Prior considerations of mathematics and architecture have often neglected the surprising and sometimes rigorous architectural encounters with a breadth of calculational systems over the course of the last century, including in the more abstract varieties of mathematics such as matrix analysis, polyhedral geometry, and information theory. Architects like Anne Tyng, Steve Baer, William Huff, Peter Pearce, and Lionel March took these methods seriously, inventively retooling them for design. They deployed a staggering range of mathematical techniques, from the elementary to the fantastically arcane, each adopted with various degrees of reverence and opportunism. For these and other architects, mathematics in design took on instrumental and teleological undertones, being both a set of techniques and a point of view freighted with ideological associations. Mathematical design is a dauntingly vast territory, practically a discipline in its own right, highly variegated, political, and contested.
For certain architects, mathematics was a conceptual intermediary for the rapprochement of natural sciences with creative method. In fact, mathematics has often been a lens through which sciences such as biology and chemistry were understood and ultimately operationalized by architects. The role of mathematics vis--vis architecture essentially situates design's entire position relative to the natural sciences.
A Mathematical Turn
For Evans, accepted practices of drawing circumscribed the experimental horizons of architecture, ensuring that design encountered mathematics only in the narrow cul-de-sac of constructed geometry. For the architect, modern mathematics was an enticing but inaccessible mirage.

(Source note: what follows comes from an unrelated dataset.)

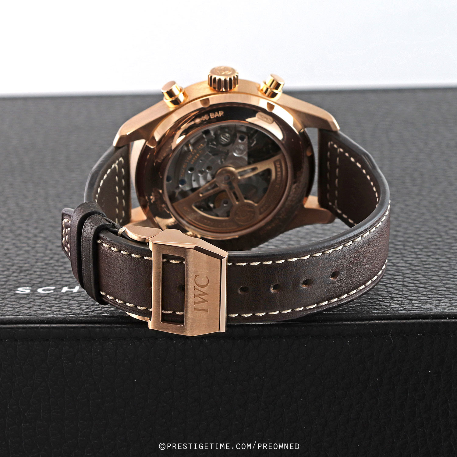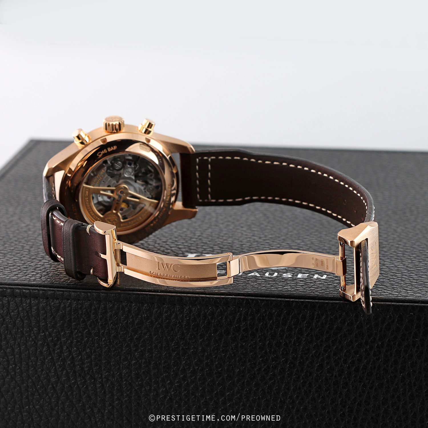 Strap: Fitted on its original IWC brown calfskin leather strap with contrasting off-white stitching and a solid 18kt rose gold tang buckle. The strap is in excellent, near new condition with the majority of it wear lifespan remaining. We would be comfortable rating the strap as in 97%+ condition.

By registering a much wider spectrum of conceptual and methodological interactions between design culture and mathematical thought, I argue that architects went well beyond the mere allusions to advanced mathematics to which Evans claimed they were confined. While metaphorical invocations of mathematics were indeed among the earliest type, by 1970 certain architects had gradually assimilated quantitative means to address a range of unseen hyperdimensional forces. In the case studies that follow, architects are not merely alluding to advanced mathematical techniques but using them and training other designers to do the same. Moreover, Evans's limited identification of nineteenth-century mathematics with hyperdimensionality neglects epochal methods of drawing and modeling from other nascent branches of mathematics like geodesy, topology, crystallography, graph theory, and others that were appropriated by architects as engines to represent both designed buildings and more abstract spatial relationships. In fact, by the mid-twentieth century, calculational methods of transcription and encoding with roots in nineteenth and turn-of-the-century mathematics began to provide compelling alternatives to the accepted representational and methodological canons of architecture. A mathematical turn was well under way.
Yet, for a discipline that places considerable weight on an almost familial continuity of apprenticeship, reconstructing this mathematical turn presents many challenges. With no recognized lineage of mathematical experimentalism and no continuous institutional project of design mathematics, the transmission of mathematical knowledge has been halting, sporadic, and incomplete. The inescapable gaps, fissures, and discontinuities that mark the terrain demand a forensic piecing together of a mosaic of vignettes, fragment by fragment, to hint at a more complete map.